S2, synthesis of compound 3 by reference to the following synthesis route;
5 g of 2-hydroxy-3-cyanopyridine (1.0 eq, 41.6 mmol) was dissolved in glacial acetic acid, 3.2 ml of liquid bromine (1.5 eq, 62.4 mmol) was slowly added dropwise to the reaction mixture and allowed to react at room temperature (25 ℃) for about 2h (the inventors found that the reaction was achieved at 0.5-24 h). And (5) carrying out tracking monitoring by thin layer chromatography, and adding 10% sodium sulfite solution into the reaction liquid to quench excessive liquid bromine after the reaction is completed. 100 ml of water was added, extracted with ethyl acetate (50 ml. times.3), the organic layers were combined and washed with saturated brine, dried over anhydrous magnesium sulfate for half an hour, and the solvent was recovered to obtain compound 3 in 85% yield.
S3, synthesis of compound 4 by reference to the following synthesis route;
5 g of 2-hydroxy-3-cyano-5-bromopyridine (1 equivalent, 25 mmol) are added to 50 ml of phosphorus oxychloride, and 6.2 g of phosphorus pentachloride (1.2 equivalent, 30 mmol) are added in portions to the reaction mixture under reflux. And (3) tracking and monitoring by thin-layer chromatography, cooling the reaction liquid to room temperature after the reaction is completed, adding a small amount of the reaction liquid into a large amount of ice water for many times, stirring, adjusting the pH value to be neutral by using sodium hydroxide, and separating out a white precipitate. Filtration, washing of the precipitate with water and drying gave compound 4 in 52% yield.
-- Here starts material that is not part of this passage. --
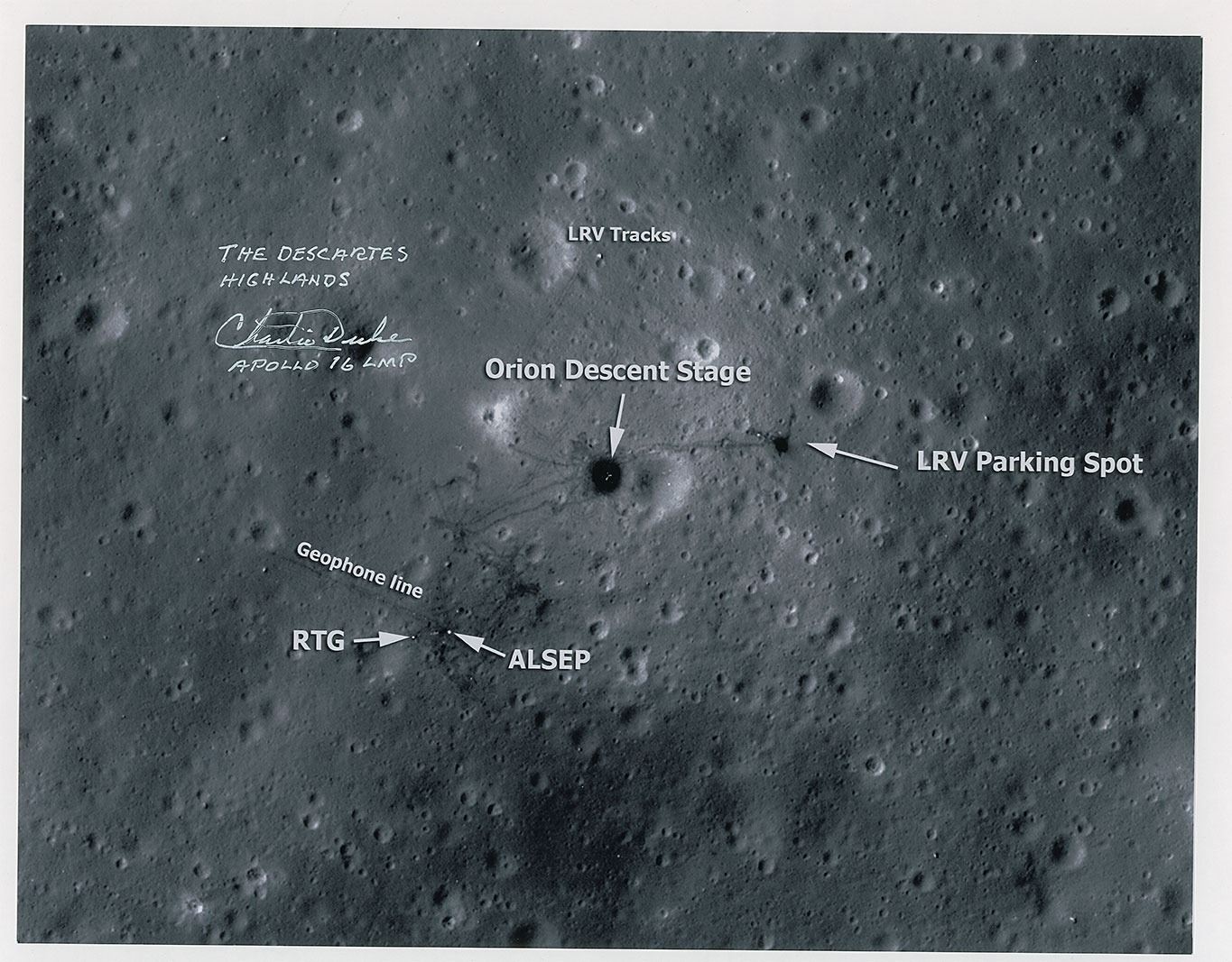 Satin-finish 14 x 11 overhead photo of the lunar landing site of the Apollo 16 mission, with arrows pointing to various mission points of interest, signed in silver ink, "The Descartes Highlands, Charlie Duke, Apollo 16 LMP." In very fine condition. Accompanied by a photo taken at the time of signing.
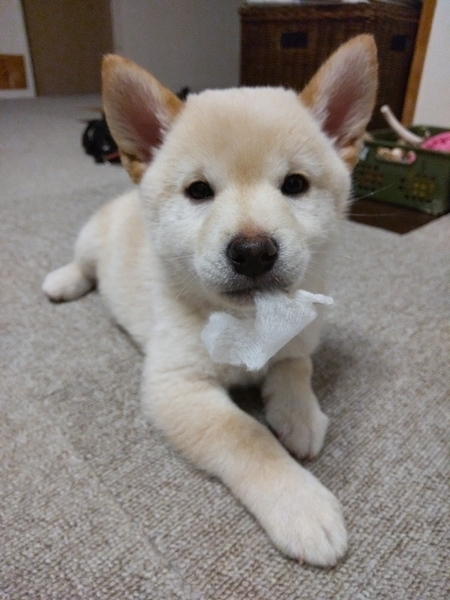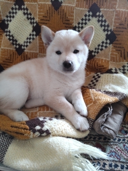 | 特徴(性格など) | 柴犬の子犬です。 白でしたが、どんどん茶色っぽくなってきました。 少しさみしげな表情がたまらなく可愛いです。 他の子に比べると少しおっとりさんですが、柴犬ですので噛み噛みはすごいです。 |

S4, synthesis of compound 5 by reference to the following synthesis route;
3.2 g of 2-chloro-3-cyano-5-bromopyridine (1 eq, 14.7 mmol) and 2.15 ml of hydrazine hydrate (3 eq, 44.2 mmol) are dissolved in ethanol and reacted under reflux. And (3) tracking and monitoring by thin-layer chromatography, after the reaction is completed, spin-drying the reaction solution, adding a proper amount of water into a reaction bottle for ultrasonic treatment, filtering the obtained yellow precipitate, and washing with water to obtain a compound 5 with the yield of 83%.
S5 Synthesis of Compound 7 by reference to the following Synthesis route;
1 equivalent of compound 5 and 1.2 equivalents of compound 6 were dissolved in N, N-dimethylformamide, and 2.5 equivalents of HATU and 2 equivalents of triethylamine were added thereto, followed by reaction at room temperature (about 25 ℃ C.). And (5) tracking and monitoring by thin-layer chromatography, and adding a large amount of ice water into the reaction solution after the reaction is completed to precipitate and separate out. Filtration, washing of the precipitate with water and drying gave compound 7 in 78% yield.
S6, synthesis of compound 9 by reference to the following synthesis route;
1 equivalent of Compound 7 and 1.5 equivalents of Compound 8 were dissolved in acetonitrile, and 3 equivalents of cesium carbonate were added to conduct reaction at ordinary temperature. Monitoring by thin layer chromatography, after the reaction is completed, spin-drying the reaction solution, adding water and ethyl acetate for extraction, combining organic layers, washing with saturated saline solution, drying over anhydrous magnesium sulfate for half an hour, and recovering the solvent to obtain compound 9 with a yield of 63%.
S7, synthesizing pyrazolopyridine hydroxamic acid compounds by referring to the following synthetic route;
dissolving 1 equivalent of compound 9 in methanol, adding 10 equivalents of compound 10 and 5 equivalents of sodium hydroxide under the condition of ice bath at 0 ℃, and standing for 5 minutes for reaction at normal temperature. And (4) tracking and monitoring by thin layer chromatography, after the reaction is completed, spin-drying the reaction solution, adjusting the pH to 6-7 by using dilute hydrochloric acid, and precipitating. Filtration, washing of the precipitate with water and drying gave compound 11, i.e. 5-71, in 52% yield.
Pyrazolopyridine hydroxamic acid compounds were characterized according to the following characterization data:1H NMR(400MHz,DMSO-d6)δ11.35(s,1H),10.31(s,1H),8.65(s,1H),7.92(d,J=5.5Hz,1H),6.82(s,1H),6.73(s,1H),6.05(s,1H),3.15(s,2H),2.06–1.83(m,2H),1.67–1.07(m,6H).
HRMS(ESI)m/z calcd for C17H21N7O3+H372.1785,found 372.1782.
example 2
This example provides pyrazolopyridine hydroxamic acids (nos. 5-72) of the formula:
the synthesis method is the same as that of example 1, except that: replacement of Compound 6 of example 1 with
The characterization data are as follows:1H NMR(400MHz,DMSO-d6)δ10.34(s,1H),8.66(s,1H),8.10(t,J=5.9Hz,1H),7.19(d,J=6.1Hz,1H),7.05–6.98(m,2H),3.18(dd,J=8.2,5.9Hz,2H),2.28(d,J=4.5Hz,6H),1.99–1.90(m,2H),1.49(dp,J=14.6,7.5Hz,4H),1.28(p,J=7.2,6.7Hz,2H).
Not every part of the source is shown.